Eier und Tomaten sind über den geschniegelten Kopf,
bis in den Anzug vom Generalsekretär Hauck gelaufen.
Wenn einer den Leuten, die ihn gewählt haben,
Haus, Hof und Heimat wegnehmen will, um die dritte
Startbahn für den Erdinger Flughafen zu bauen, dann
muss er damit rechnen, dass es Ärger gibt. Die im
Erdinger Moos sehen nämlich nicht ein, dass wegen
so einem Hammel jeden Tag mehrere hundert Flieger quasi durch ihr Wohnzimmer brettern, dass der
Schädel nur so brummt. Nur damit ein paar Hanserl
mehr auf dem Franz-Josef-Strauß umsteigen und nach
Timbuktu, Kampala oder sonst wohin fliegen können.
Der Django erschrickt. Hat er sich gerade die Argumente vom Mörder vorgesagt? Um sich wieder auf sein
Dasein als Detektiv zu besinnen, schaut er erst einmal
zur Sonne, die über den dampfenden Feldern steht.
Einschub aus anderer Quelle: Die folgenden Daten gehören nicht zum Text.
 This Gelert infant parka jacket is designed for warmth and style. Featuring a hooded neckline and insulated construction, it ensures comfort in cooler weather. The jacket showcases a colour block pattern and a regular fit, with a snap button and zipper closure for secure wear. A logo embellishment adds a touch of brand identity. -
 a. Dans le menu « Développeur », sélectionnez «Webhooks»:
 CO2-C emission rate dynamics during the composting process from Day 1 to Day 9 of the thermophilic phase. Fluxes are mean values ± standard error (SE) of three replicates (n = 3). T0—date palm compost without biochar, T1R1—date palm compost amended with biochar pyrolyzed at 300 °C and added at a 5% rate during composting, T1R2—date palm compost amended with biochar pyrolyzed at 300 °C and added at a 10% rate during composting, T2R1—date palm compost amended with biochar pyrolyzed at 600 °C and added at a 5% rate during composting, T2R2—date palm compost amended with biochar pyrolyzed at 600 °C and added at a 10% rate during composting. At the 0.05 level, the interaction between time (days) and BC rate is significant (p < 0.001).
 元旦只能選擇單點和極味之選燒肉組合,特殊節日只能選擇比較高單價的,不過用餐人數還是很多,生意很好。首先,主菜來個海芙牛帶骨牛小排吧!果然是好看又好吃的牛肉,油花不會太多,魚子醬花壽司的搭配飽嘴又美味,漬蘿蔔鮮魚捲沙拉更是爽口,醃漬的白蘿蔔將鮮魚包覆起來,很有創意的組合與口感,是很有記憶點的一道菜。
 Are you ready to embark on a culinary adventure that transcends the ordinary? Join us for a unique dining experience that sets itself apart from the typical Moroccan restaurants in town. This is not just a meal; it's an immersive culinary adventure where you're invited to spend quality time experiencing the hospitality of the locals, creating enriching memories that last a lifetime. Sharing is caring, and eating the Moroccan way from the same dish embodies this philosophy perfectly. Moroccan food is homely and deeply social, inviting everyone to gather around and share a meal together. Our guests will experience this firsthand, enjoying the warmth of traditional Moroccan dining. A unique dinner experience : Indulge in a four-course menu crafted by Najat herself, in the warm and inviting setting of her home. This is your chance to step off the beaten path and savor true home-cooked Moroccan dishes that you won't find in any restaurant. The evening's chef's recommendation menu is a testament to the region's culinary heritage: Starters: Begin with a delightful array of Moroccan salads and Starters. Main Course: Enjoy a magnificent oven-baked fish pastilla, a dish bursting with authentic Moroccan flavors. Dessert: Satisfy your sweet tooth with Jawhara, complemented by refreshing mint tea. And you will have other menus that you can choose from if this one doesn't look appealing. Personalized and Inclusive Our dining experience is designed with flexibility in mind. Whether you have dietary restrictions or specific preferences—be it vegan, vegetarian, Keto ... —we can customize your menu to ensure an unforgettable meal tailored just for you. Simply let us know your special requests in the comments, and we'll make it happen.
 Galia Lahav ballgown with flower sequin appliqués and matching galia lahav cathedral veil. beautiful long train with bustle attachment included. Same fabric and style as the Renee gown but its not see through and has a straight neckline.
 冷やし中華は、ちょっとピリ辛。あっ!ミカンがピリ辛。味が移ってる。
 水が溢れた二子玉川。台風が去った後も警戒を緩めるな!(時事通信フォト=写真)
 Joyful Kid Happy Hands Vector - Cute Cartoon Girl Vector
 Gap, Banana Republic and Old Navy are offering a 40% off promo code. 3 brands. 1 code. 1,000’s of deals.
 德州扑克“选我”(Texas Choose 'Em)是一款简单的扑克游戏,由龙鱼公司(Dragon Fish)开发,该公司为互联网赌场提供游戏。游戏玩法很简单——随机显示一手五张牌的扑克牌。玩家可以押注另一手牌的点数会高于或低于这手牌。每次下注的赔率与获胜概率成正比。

Er
holt sein Handy raus, dann sucht er nach dem Artikel über die Demonstration gegen die dritte Startbahn
vor der Parteizentrale in München. Keine zwei Sonnenaufgangsmeter später hat er den Artikel gefunden.
Der Wexler Kaspar war’s. Ein Bauer aus Attaching.
Wahrscheinlich hat der den Hauck wirklich gewählt.